Consistent with the measurement of cytochrome P450 protein expression, the T47D lines had a much greater DMBA-metabolizing activity than the equivalent MDA cells (6–13-fold). Basal T47D cells, irrespective of ER status and TCDD-induced MDA cells provided indistinguishable ratios typical of CYP1B1 metabolism (5,6/8,9 ratio = 0.5; 10,11/8,9 ratio = 0.2). Basal MDA+ products were essentially background, being similar in pattern of distribution and picomolar amount per milligram of protein to what is observed in cell-free blanks (M.L.Larsen, unpublished results). Meanwhile, the elevated activity observed in MDA cells was consistent with CYP1B1 participation. Under basal conditions, the T47D cells had 50% greater activity than T47D+ cells or TCDD-induced MDA cells, which, in turn, were four- to eight-fold more active than basal MDA cells. These findings were consistent with levels of protein expression.

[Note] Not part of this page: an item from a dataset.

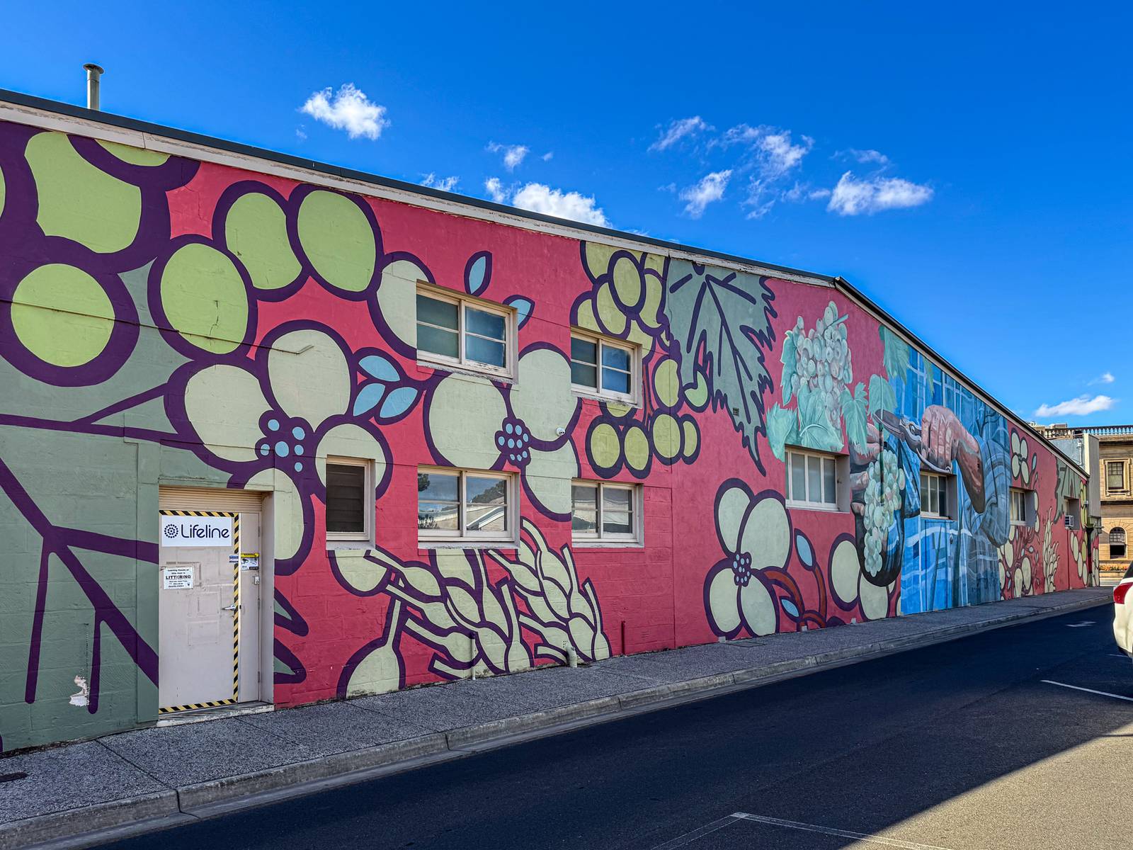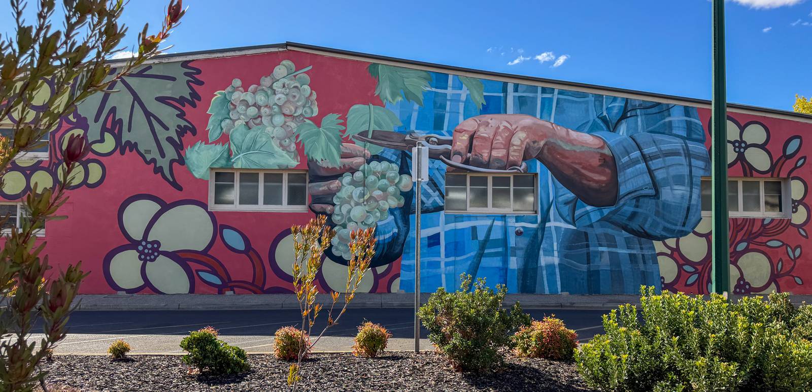A large mural capturing cutting grapes in the Clare Valley, a well-known wine region of South Australia.

TCDD treatment shifted the metabolite pattern in T47D cells and MDA+ cells, in contrast to MDA cells, to a CYP1A1 distribution (5,6/8,9 = 0.25; 10,11/8,9 = 0.1). The TCDD-induced metabolic activity of the T47D+ cells was equivalent to that of T47D cells, while TCDD-induced MDA+ cells exhibited 10 times less activity. The differences in TCDD-induced activity between T47D cells and MDA cells parallels the relative expression of the much more active CYP1A1.

Inhibition studies
Inhibitory antibodies were used to determine the contribution of CYP1A1 and CYP1B1 to the DMBA-metabolism profile in T47D+ cells (Table IIGo). Under basal conditions, the anti-CYP1B1 antibody inhibited overall metabolism by 84%, while the anti-CYP1A1 antibody had no effect. In contrast, the anti-CYP1A1 antibody inhibited greater than 50% of the TCDD-induced DMBA metabolism (Table IIGo). The distribution of metabolites removed from the reaction by the anti-CYP1B1 treatment was evaluated by subtraction of anti-CYP1B1 metabolite values from pre-immune metabolite values. This indicated that ratios of dihydrodiols were very similar to those found for recombinant CYP1B1 (5,6/8,9 = 0.9; 10,11/8,9 = 0.4). A similar subtraction was used to demonstrate the activity of CYP1A1 (5,6/8,9 = 0.15; 10,11/8,9 = 0.07). The residual activity from these TCDD-induced microsomes after removal of the CYP1A1 contribution with this antibody treatment was consistent with induced CYP1B1 activity (5,6/8,9 = 0.4; 10,11/8,9 = 0.14). The remaining metabolites that are unaffected by either antibody indicate a residual basal metabolic activity that may be due to other P450s present in breast epithelial cells (31) or to a peroxidative mechanism. This activity seems to contribute to the very low basal activity in MDA+ cells.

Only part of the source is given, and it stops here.